Laura Pryor 07/30/19 - 12:09 pm

Older workers

We hear a lot about millennials, and how to attract them to your workplace or get them to buy your products. In the meantime, however, the fastest-growing segment of the workforce is on the other end of the spectrum: Older workers past the age of 65.

What happened? Did Boomers blow all their retirement money keeping up with the Joneses during the materialistic ‘80s? Not so. Recently released statistics from the U.S. Census Bureau and the Bureau of Labor Statistics show that the highest increase in 65+ workers has been among high income, highly educated people. These older workers want to make a contribution, to stay engaged. And their engagement rate is high, especially compared to millennial workers, who have been shown to have lower levels of engagement at work.

Another reason Grandma’s still got a gig: Older workers feel healthier than ever before and have the stamina to continue working.

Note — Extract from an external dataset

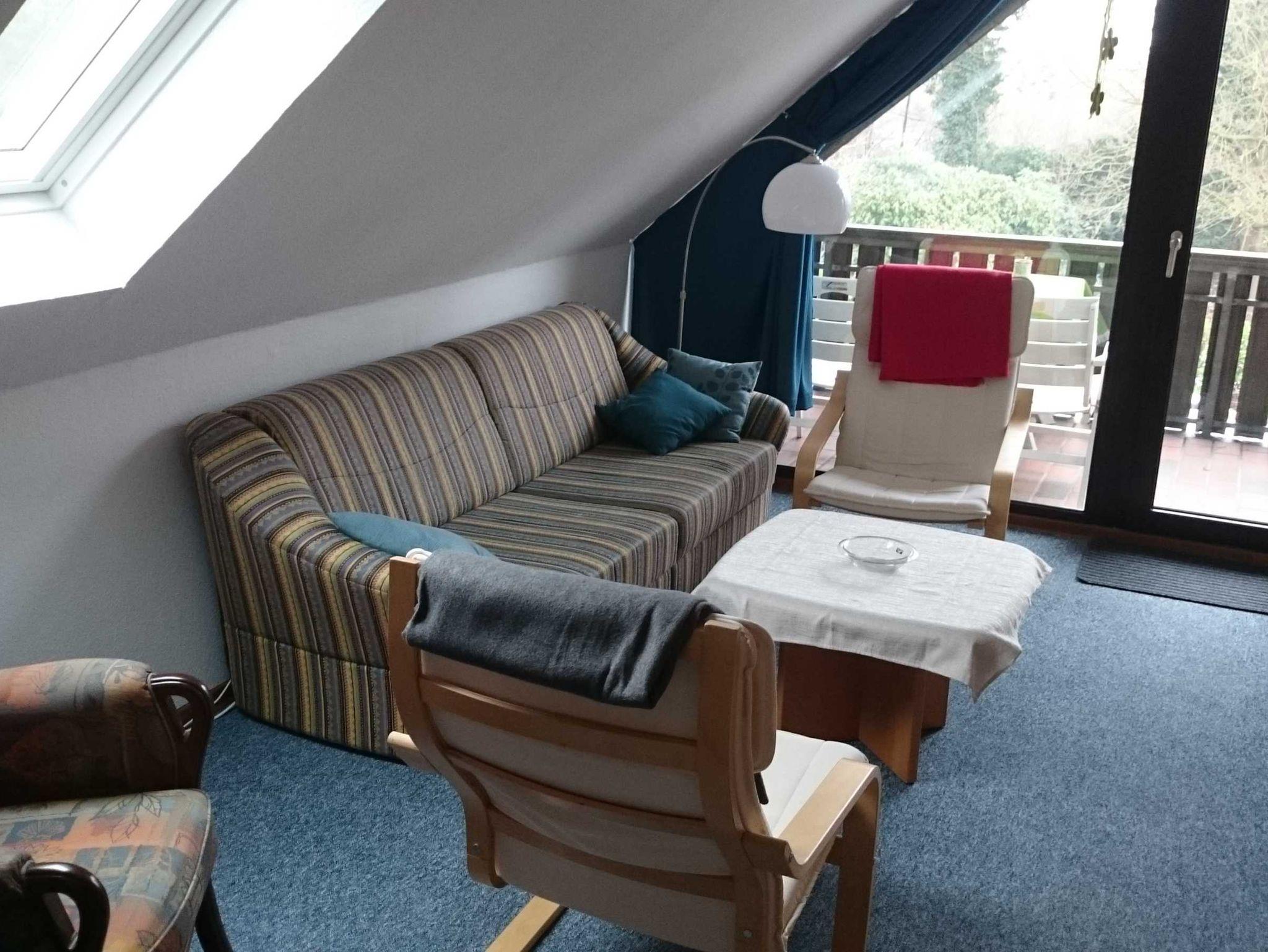 Die Ferienwohnung befindet sich im Obergeschoss. Sie ist hell und lichtdurchflutet.

With that stamina, many are starting second careers – the dream job they never pursued, or the business they always wanted to start.

According to a report by Deloitte Insights, older workers produce a higher quality of work and have better relationship and organizational skills. And they’re often looking for part-time or flex arrangements that offer employers the best of both worlds: superior quality work at a reduced cost. But the report also cautions that many workplaces are unprepared to handle the Human Resources challenge of more 65+ workers.